Виденная картина еще долго стояла у меня перед глазами и повлияла на мое решение с Трубниковым: этот неотесанный мужлан наверняка знал больше, чем говорил.
…Архитектурный ордер театра с остроконечным полушарием купола и высоким полукружьем стен напоминал очертаньями неведомый корабль, готовый унестись в небеса. Я нашел Трубникова в аванложе второго яруса. Стоя в проеме в обрамлении вишневых гардин, он зычно руководил установкой декораций на сцене.
— А, Павел Дмитриевич, наконец-то пожаловали! Милости просим, — с довольно неожиданной любезностью приветствовал он, мельком глянув на меня. — Вазу ставь за фонарем… Не туда, олухи.
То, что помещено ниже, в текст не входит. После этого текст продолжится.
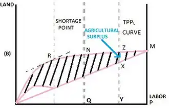 After AD, MP begins to rise, and industrial labor rises from zero to a value equal to AD. AP of agricultural labor is shown by BYZ and we see that this curve falls downward after AD. This fall in AP can be attributed to the fact that as agricultural laborers shift to the industrial sector, the real wage of industrial laborers decreases due to shortage of food supply, since less laborers are now working in the food sector. The decrease in the real wage level decreases the level of profits, and the size of surplus that could have been re-invested for more industrialization. However, as long as surplus exists, growth rate can still be increased without a fall in the rate of industrialization. This re-investment of surplus can be graphically visualized as the shifting of MP curve outwards. In Phase2 the level of disguised unemployment is given by AK.[4] This allows the agricultural sector to give up a part of its labor-force until
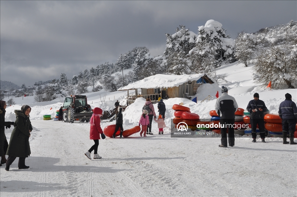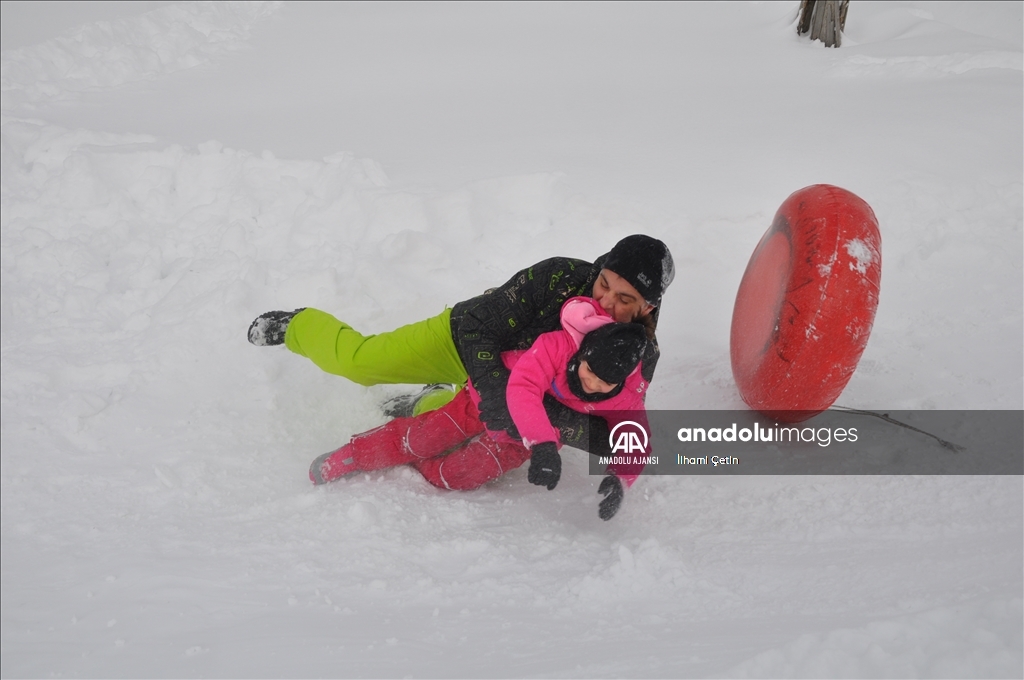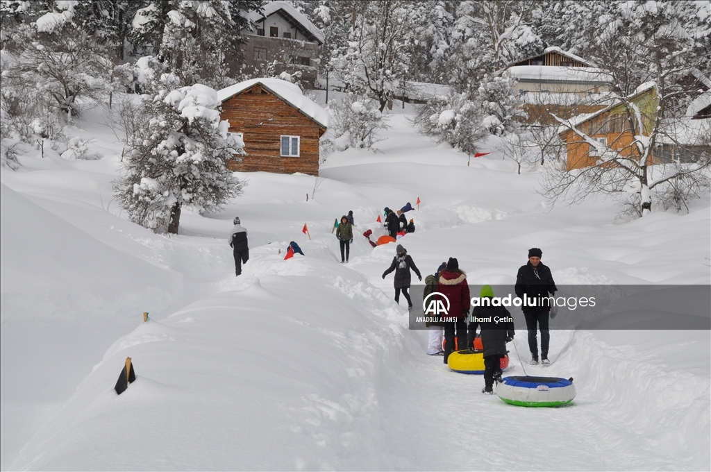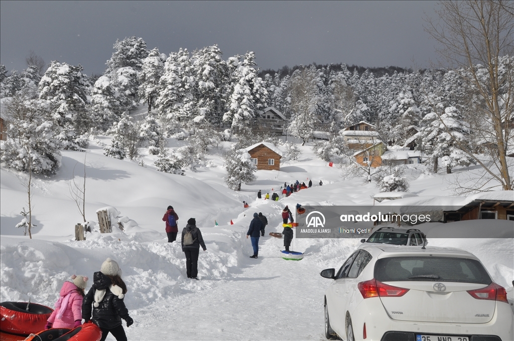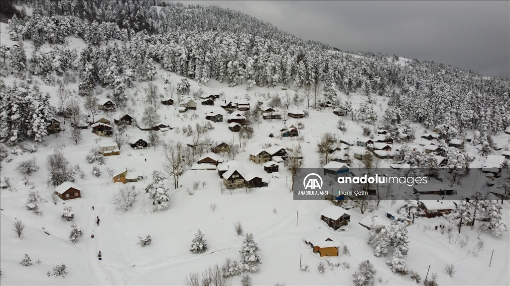 Bolu'nun doğal güzellikleriyle ünlü Abant Tabiat Parkı'ndaki gölün yüzeyi buzla kaplandı.

Ограду тащите ближе к кулисам… Расставляйте без меня, — повелел он подмастерьям, после чего без промедленья мы спустились в гримерную, стены которой пестрели афишами, а на столиках скопилось великое множество разнокалиберных пузырьков, флаконов и бутылок.
— Что происходит, Иван Демьянович? Растолкуйте мне, Бога ради, — приступил я без околичностей.
— Происходит то, что всегда происходило, — философски заметил Трубников, поднеся к ноздре один из пузырьков и принюхавшись.
— Вы великолепно понимаете, о чем я! — настаивал я.
— Да уж какие могут быть секреты… — многозначительно отозвался Трубников, затем раскинул руки, рявкнул: — Ты огорчил меня и вводишь в грех! Завидно мне, что лорд Нортемберленд — отец такого доблестного сына!
— Прекратите паясничать!
— Ежели по-сурьезному, Павел Дмитриевич, тадысь вам не позавидуешь, — изрек он мрачно. — Положили они глаз на вашу милость и в сети манят, душегубы.
— Какие сети?
— Известно, какие… Они и меня сподобились увлечь в свой омут, да не на таковских напали, не дался я. — Он помолчал, что-то вспоминая. — Кто Богу не грешен, тот и царю не виноват: нет моей вины ни перед кем.
— Помилуйте, о чем вы?
— Известно, о чем, — бесстрастно молвил Трубников. — Они и за ней, стало быть, охотятся…
Он подошел к одному из шкафчиков, пошарил на полке и выложил на стол зачерствевшую буханку, откушенную луковицу и, пригнувшись, из потайного места вынул бутыль с лиловой жидкостью.
— До нашего знакомства Юленька подавала в ресторане, что возле железнодорожной станции. Я тадысь задолго гастролировал, — тут он наполнил до краев стаканы и торжественно вознес руку («я гастролировал» было произнесено тоном, каким говаривают обласканные судьбой артисты).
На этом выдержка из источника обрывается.